Re: [PATCH v2] PCI/MSI: Avoid torn updates to MSI pairs

Evan Green <evgreen@xxxxxxxxxxxx> · Thu, 23 Jan 2020 16:29:34 -0800

On Thu, Jan 23, 2020 at 2:59 PM Evan Green <evgreen@xxxxxxxxxxxx> wrote:
>
> On Thu, Jan 23, 2020 at 12:59 PM Evan Green <evgreen@xxxxxxxxxxxx> wrote:
> >
> > On Thu, Jan 23, 2020 at 10:17 AM Thomas Gleixner <tglx@xxxxxxxxxxxxx> wrote:
> > >
> > > Evan,
> > >
> > > Thomas Gleixner <tglx@xxxxxxxxxxxxx> writes:
> > > > This is not yet debugged fully and as this is happening on MSI-X I'm not
> > > > really convinced yet that your 'torn write' theory holds.
> > >
> > > can you please apply the debug patch below and run your test. When the
> > > failure happens, stop the tracer and collect the trace.
> > >
> > > Another question. Did you ever try to change the affinity of that
> > > interrupt without hotplug rapidly while the device makes traffic? If
> > > not, it would be interesting whether this leads to a failure as well.
> >
> > Thanks for the patch. Looks pretty familiar :)
> > I ran into issues where trace_printks on offlined cores seem to
> > disappear. I even made sure the cores were back online when I
> > collected the trace. So your logs might not be useful. Known issue
> > with the tracer?
> >
> > I figured I'd share my own debug chicken scratch, in case you could
> > glean anything from it. The LOG entries print out timestamps (divide
> > by 1000000) that you can match up back to earlier in the log (ie so
> > the last XHCI MSI change occurred at 74.032501, the last interrupt
> > came in at 74.032405). Forgive the mess.
> >
> > I also tried changing the affinity rapidly without CPU hotplug, but
> > didn't see the issue, at least not in the few minutes I waited
> > (normally repros easily within 1 minute). An interesting datapoint.
>
> One additional datapoint. The intel guys suggested enabling
> CONFIG_IRQ_REMAP, which does seem to eliminate the issue for me. I'm
> still hoping there's a smaller fix so I don't have to add all that in.

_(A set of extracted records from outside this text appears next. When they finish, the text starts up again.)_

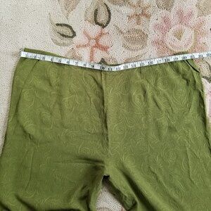 Sadly, the matching pants were so well loved, and expensive, they received one of the most creative repair jobs I've ever seen. But if you look to the bottom right of the outer side of the repair, it's starting to fray, and will soon need additional (iron on?) patching. And the waist elastic is a bit stretched out, but is still functional. If not considered wearable, they are also a yard or more of this lovely green, jacquard silk fabric that can be made into something new.
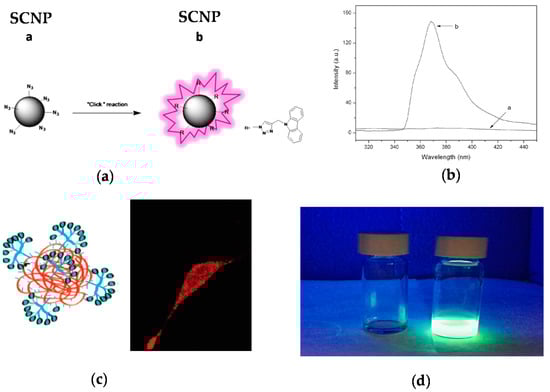 Recently, a variety of reactive fluorophore molecules (dansylhydrazine [], fluorescein [], naphthalene []) have been successfully conjugated to different (polystyrene [], polydimethylamino ethyl methacrylate [], polymethyl methacrylate []) nanoparticles by post-functionalization (Figure 7c). This illustrates the versatility of the SCNP post-functionalization technique to endow SCNPs with florescent properties.
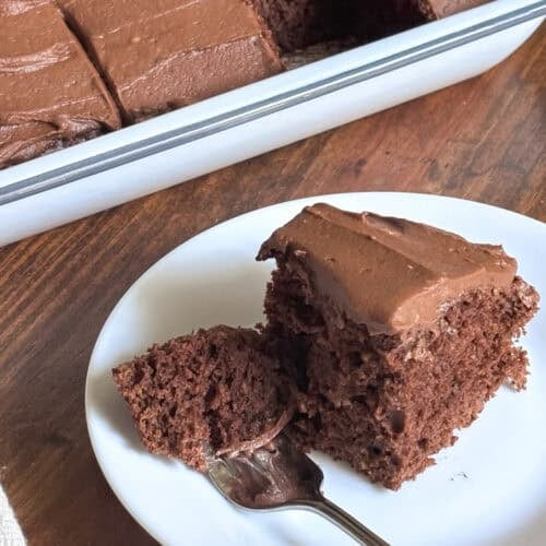 - Easy sheet pan format – Forget multiple cake layers and fussy decorating. Bake once in a greased cake pan, frost, and serve.
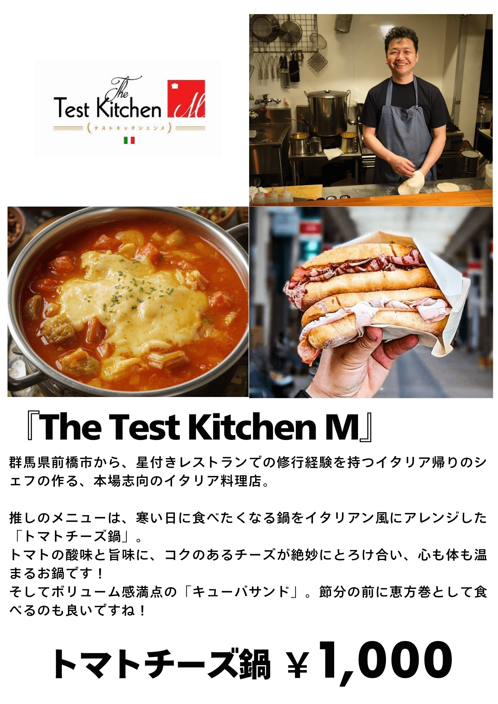 イタリアンシェフの作る、本場志向のイタリア料理店「The Test Kitchen M」の、
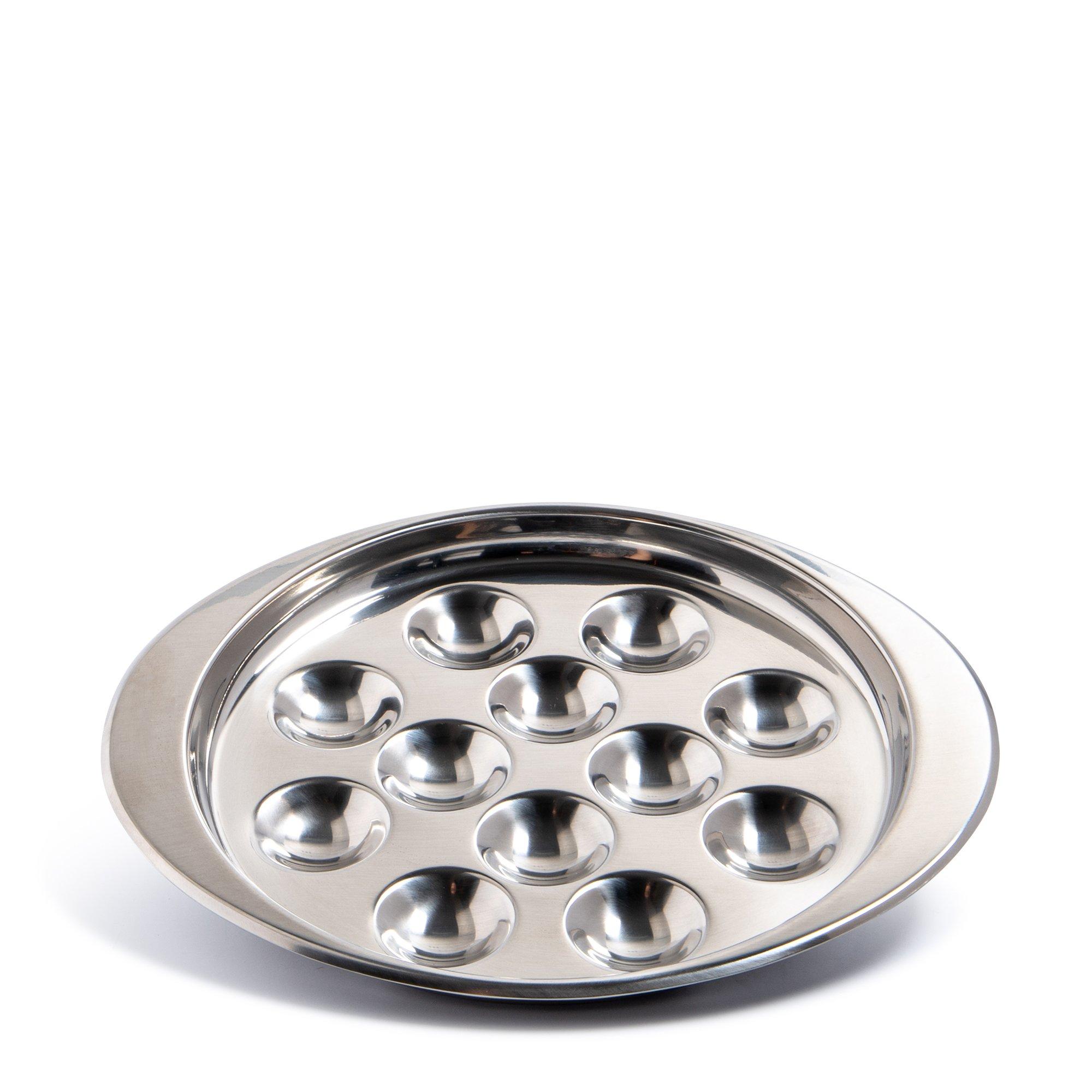Dieser Schneckenteller von MANOR ist aus Metall und hat bewusst eingelassene Wölbungen, damit die Schnecken an Ort und Stelle bleiben. Zusätzlich wird der Tellerrand an zwei Stellen etwas verbreitert damit man ihn besser halten kann.
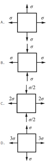 问题 在图示4种应力状态中,最大切应力τmax数值最大的应力状态是(  )。
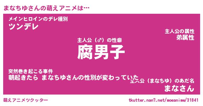 | 男性向けラノベタイトル風あだ名 | 『マナチユアートオンライン』 |
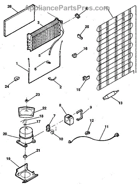 This is a compressor used in several types of home appliances. The compressor is designed to take cold gas in the appliance and place it under pressure so the gas raises in temperature. It is then moved through the refrigerator system to ensure the unit stays cold throughout the appliance. This part can become damaged or malfunction, which may cause the motor to stop running, make the motor noisier, or cause the motor to never stop running.If this happens, the compressor will need to be replaced. A basic set of tools will be needed. A pair of work gloves can also be useful. First, locate the compressor as it may be in various locations depending on the appliance model. Unplug the appliance before removing the compressor. Install the new compressor using the original bolts and nuts before turning the power back on and resuming normal use.This part is sold on an individual basis. The compressor is made to be used with refrigerators, ranges, stoves, ovens, air conditioners, and freezers created by Gibson, Frigidaire, Kelvinator, Montgomery Wards, Westinghouse, Tappan, JCPenney, Universal, and Kenmore. It is an authentic OEM replacement part directly sourced from the manufacturer.
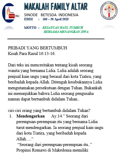 Kisah Para Rasul 16:13-16.   Dari teks ini menceritakan tentang kisah seorang wanita yang bernama Lidia. Lidia adalah seorang penjual kain ungu yang berasal dari kota Tiatira, yang beribadah kepada Allah. Ditengah kesibukannya Lidia  mengutamakan persekutuan dengan Tuhan. Bukankah ini menunjukkan bahwa Lidia seorang pengusaha namun dapat...
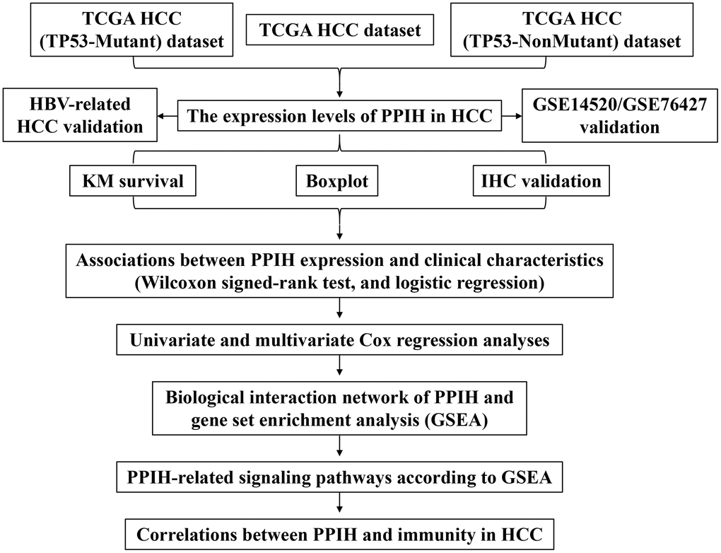 Several informatics technologies were utilized in the current research to inspect Ppih expression as well as its predictive value in HCC. Additionally, data from 158 HCC patients with HBV-related disease demonstrated that Ppih’s mRNA expression was markedly upregulated. In addition, we utilized immunohistochemistry (IHC) to validate the expression of Ppih in HCC tissues. We utilized TCGA, GeneMANIA, and STRING data sources to conduct GSEA and PPI systems to further examine the roles of Ppih in HCC. Interestingly, we explored the interaction between Ppih and TP53 in relation to HCC. The design and methodology of our study can be seen in the flowchart depicted in Figure 1.
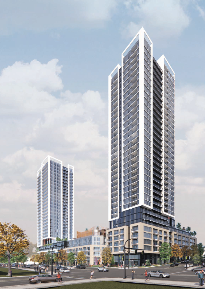 The proposal is for a 34-storey (east tower) and a 29-storey (west tower) mixed-userental building which includes:
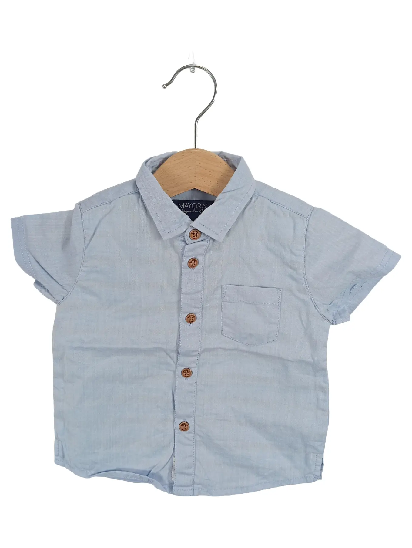 MAYORAL Kurzarm Hemd Baby Junge Gr. 68 Hellblau Baumwolle
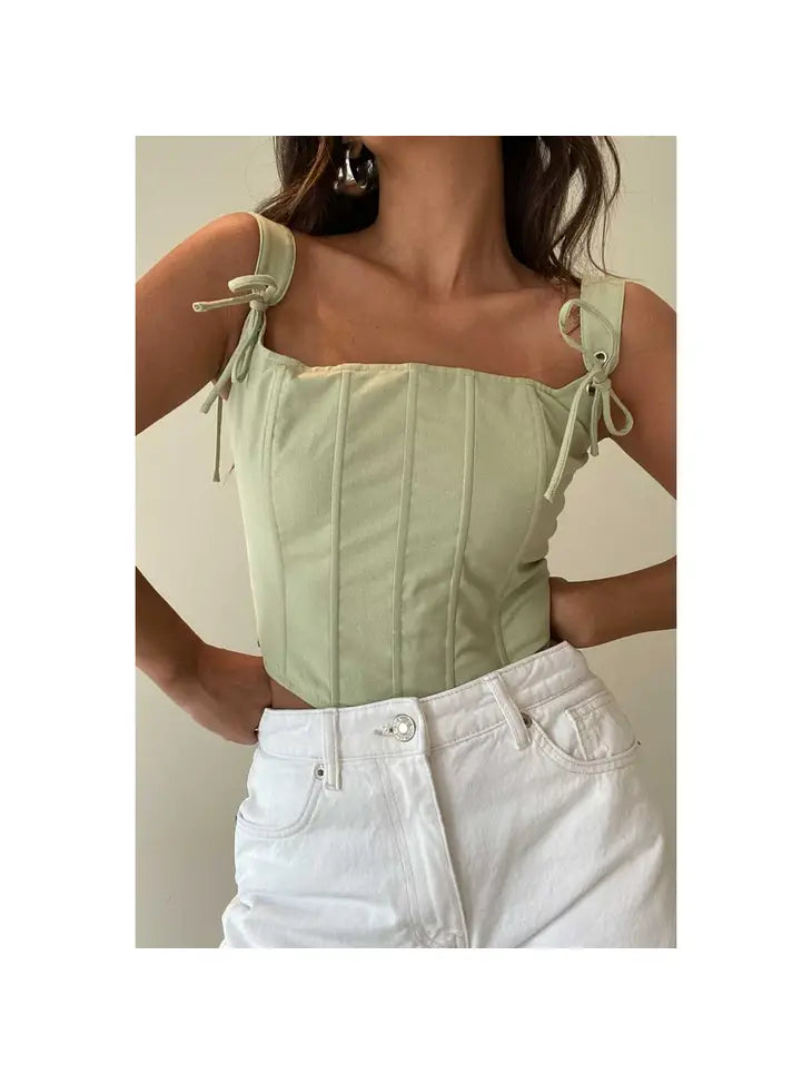 Make a statement in the Leslie Corset Top! This chic corset style top features cute tie shoulders and adjustable tie up strings, giving you maximum versatility for all occasions. Add a statement piece to your wardrobe and cinch it up with the back tie closure! Looking cute has never been easier!
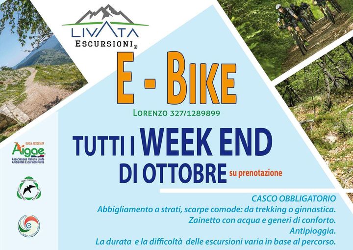 Tutti i weekend di ottobre sul Monte Livata l’avventura è una certezza: su prenotazione sarà possibile partecipare alle escursioni in e-bike e vivere le emozioni della pedalata assistita immersi nella natura incontaminata della Valle dell’Aniene. Obbligatorio l’uso del casco e consigliato un abbigliamento a strati, scarpe comode e zainetto.
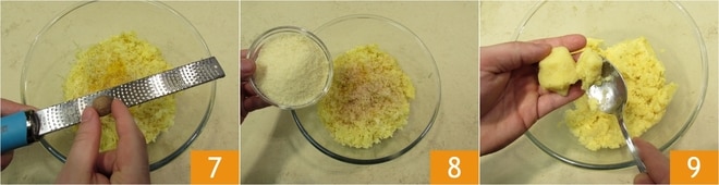 aromatiza con nuez moscada rallada 7 y sazona con el queso rallado 8, mezcla con una cuchara para amalgamar los ingredientes hasta obtener una mezcla suave y seca. Con la ayuda de una cuchara toma una porción de masa de aproximadamente 35 g 9 y forma las croquetas dándoles una forma cilíndrica.
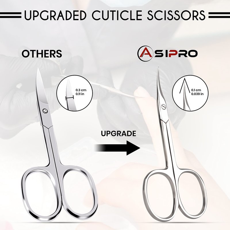 - Extra Sharp: Hand-sharpened ASIPRO cuticle scissors curved is crafted with high quality stainless steel, ensuring a lifetime of precision cutting as professional cuticle scissors these cuticle trimmer scissors provide stronger, & smoother, more precise trims.
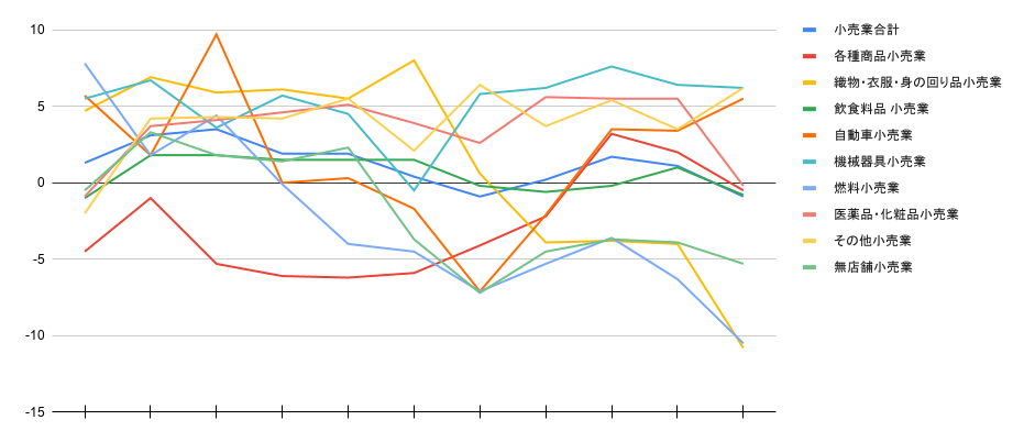 | 織物・衣服・身の回り品小売業 | -10.8 | -4.0 | -3.8 | -3.9 | 0.6 | 8.0 | 5.5 | 6.1 | 5.9 | 6.9 | 4.7 | |
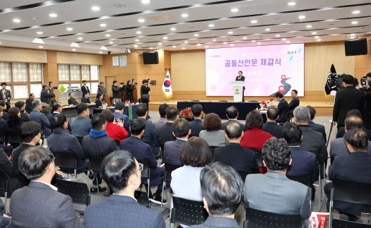 이날 체결식에는 이철우 경상북도지사와 김두겸 울산광역시장, 조현일 경산시장, 조지연 국회의원, 지역 기업인 대표 등 100여 명이 참석한 가운데 지역의 오랜 숙원사업인 ‘경산~울산 고속도로’ 건설의 국가 계획 반영 등 결의를 다졌다.
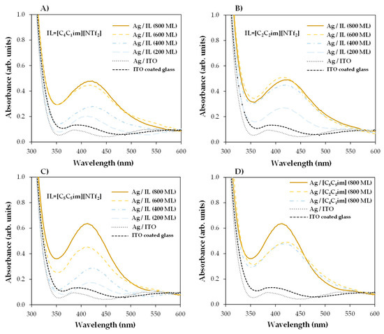 UV-Vis absorption spectra of IL films treated with argon plasma and Ag particles. Spectra for 200, 400, 600, and 800 ML of [C4C1im][NTf2] (A), [C2C2im][NTf2] (B), and [C5C5im][NTf2] (C). Comparison of the graphs obtained for each IL for a thickness of 800 ML (D). Spectra for ITO/glass and Ag/ITO/glass are presented for comparison. AgNPs incorporated into the IL films through 40 s of sputter deposition from a silver magnetron target and argon plasma (inducing the droplet coalescence) using a discharge current of 20 mA (≈13 nm of Ag); micro- and nanodroplets ILs previously prepared by vacuum thermal evaporation onto ITO-coated glass substrates. A single absorption peak with 400–420 nm might be assigned to the SPR band that is attributed to the presence of AgNPs in their metallic form.
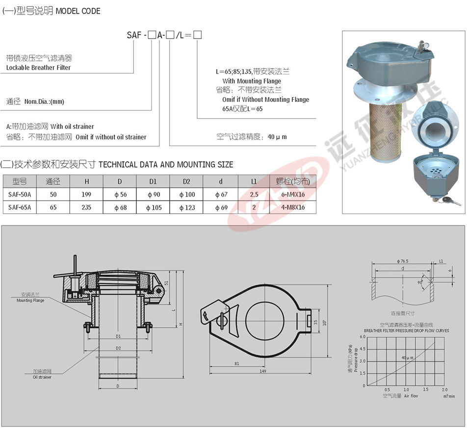 SAF系列帶鎖液壓空氣濾清器帶鎖,保證了客戶的安全使用,加油濾網(wǎng)可以有效的濾除加油過程中的大顆粒污染物,安裝方便等優(yōu)點。
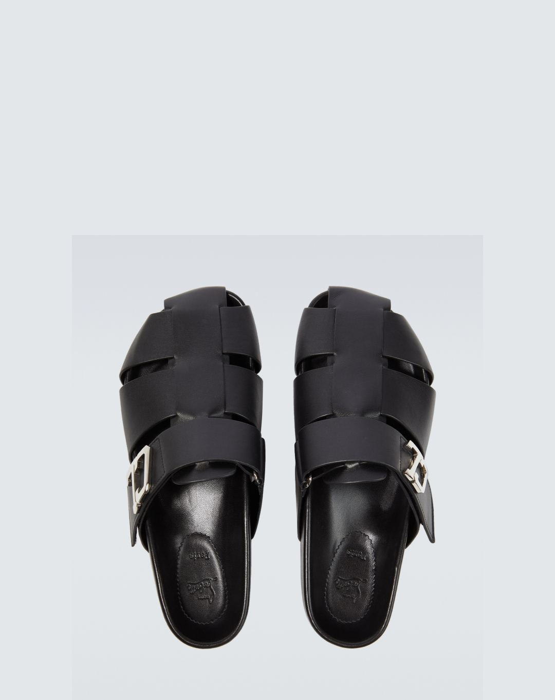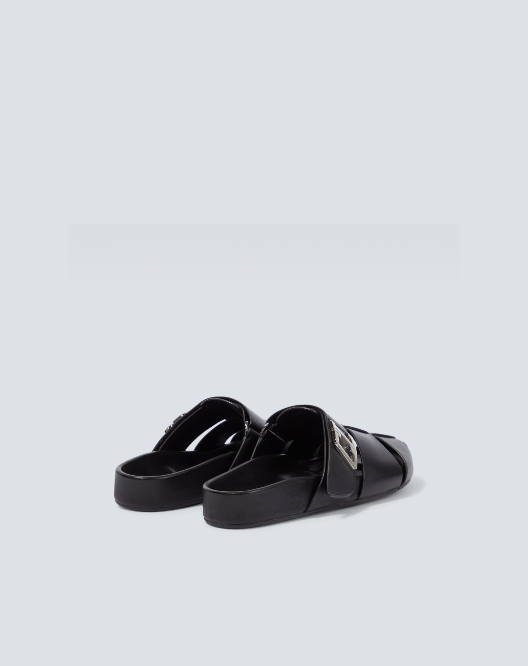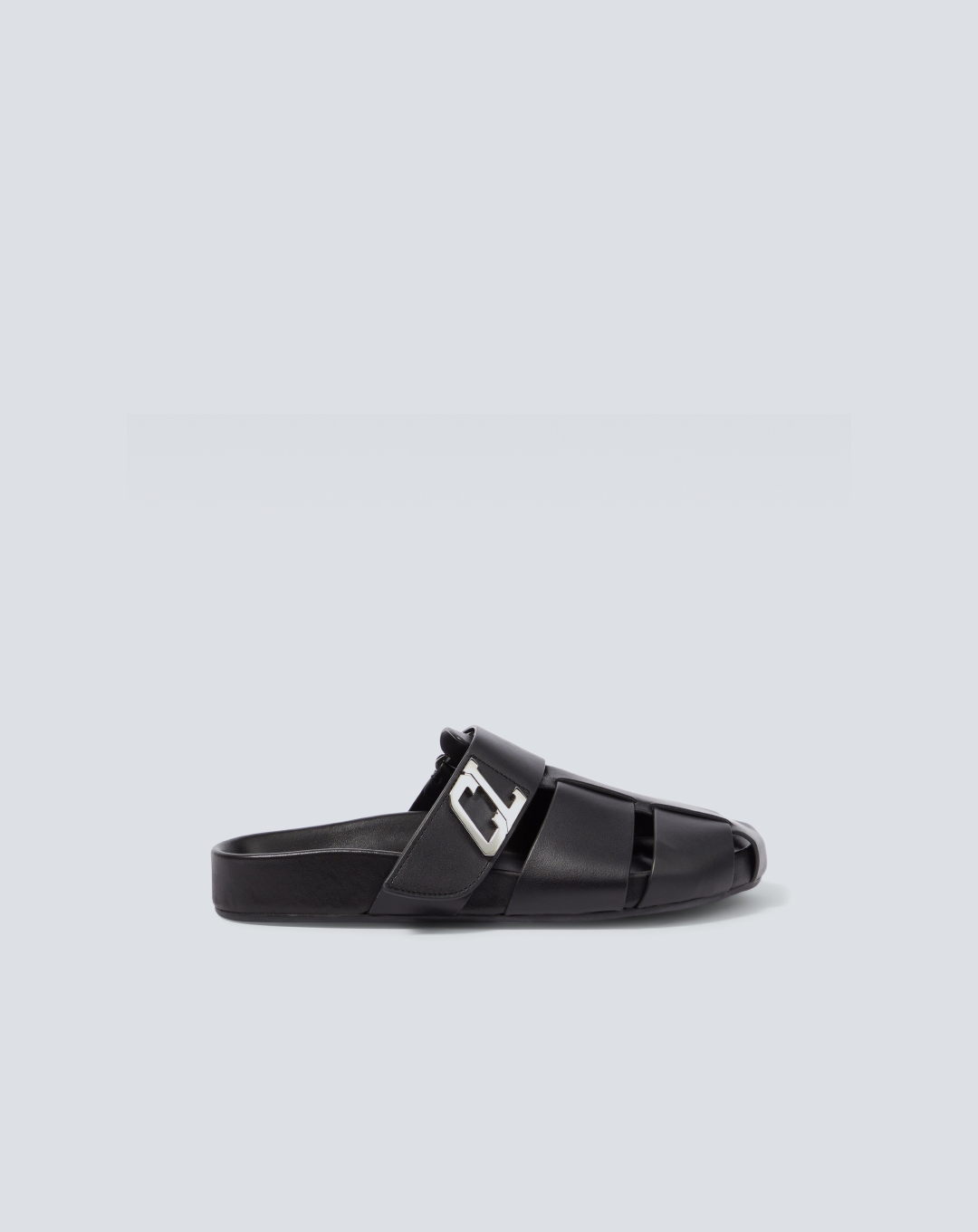 The Christian Louboutin Abubizz Leather Slippers offer a luxurious and contemporary take on casual footwear. Crafted from smooth black calf leather, these sleek mules are designed on the Maison’s Bizz last, providing a lightweight sole that molds comfortably to your foot while offering subtle height and superior cushioning. The design features three wide leather straps, with the top strap showcasing a hook-and-loop closure adorned with a CL monogram, delivering both style and functionality. The iconic red sole adds a signature touch, ensuring these slippers stand out in any setting.

I did another experiment that I think lends credibility to my torn MSI
hypothesis. I have the following change:

diff --git a/arch/x86/kernel/cpu/mcheck/mce.c b/arch/x86/kernel/cpu/mcheck/mce.c
index 1f69b12d5bb86..0336d23f9ba9a 100644
--- a/arch/x86/kernel/cpu/mcheck/mce.c
+++ b/arch/x86/kernel/cpu/mcheck/mce.c
@@ -1798,6 +1798,7 @@ void (*machine_check_vector)(struct pt_regs *,
long error_code) =

 dotraplinkage void do_mce(struct pt_regs *regs, long error_code)
 {
+printk("EVAN MACHINE CHECK HC died");
        machine_check_vector(regs, error_code);
 }

diff --git a/drivers/pci/msi.c b/drivers/pci/msi.c
index 23a363fd4c59c..31f683da857e3 100644
--- a/drivers/pci/msi.c
+++ b/drivers/pci/msi.c
@@ -315,6 +315,11 @@ void __pci_write_msi_msg(struct msi_desc *entry,
struct msi_msg *msg)
                msgctl |= entry->msi_attrib.multiple << 4;
                pci_write_config_word(dev, pos + PCI_MSI_FLAGS, msgctl);

+if (entry->msi_attrib.is_64) {
+pci_write_config_word(dev, pos + PCI_MSI_DATA_64, 0x4012);
+} else {
+pci_write_config_word(dev, pos + PCI_MSI_DATA_32, 0x4012);
+}
                pci_write_config_dword(dev, pos + PCI_MSI_ADDRESS_LO,
                                       msg->address_lo);
                if (entry->msi_attrib.is_64) {

And indeed, I get a machine check, despite the fact that MSI_DATA is
overwritten just after address is updated.

[   79.937179] smpboot: CPU 1 is now offline
[   80.001685] smpboot: CPU 3 is now offline
[   80.025210] smpboot: CPU 5 is now offline
[   80.049517] smpboot: CPU 7 is now offline
[   80.094263] x86: Booting SMP configuration:
[   80.099394] smpboot: Booting Node 0 Processor 1 APIC 0x1
[   80.136233] smpboot: Booting Node 0 Processor 3 APIC 0x3
[   80.155732] smpboot: Booting Node 0 Processor 5 APIC 0x5
[   80.173632] smpboot: Booting Node 0 Processor 7 APIC 0x7
[   80.297198] smpboot: CPU 1 is now offline
[   80.331347] EVAN MACHINE CHECK HC died
[   82.281555] Kernel panic - not syncing: Timeout: Not all CPUs
entered broadcast exception handler
[   82.295775] Kernel Offset: disabled
[   82.301740] gsmi: Log Shutdown Reason 0x02
[   82.313942] Rebooting in 30 seconds..
[  112.204113] ACPI MEMORY or I/O RESET_REG.

-Evan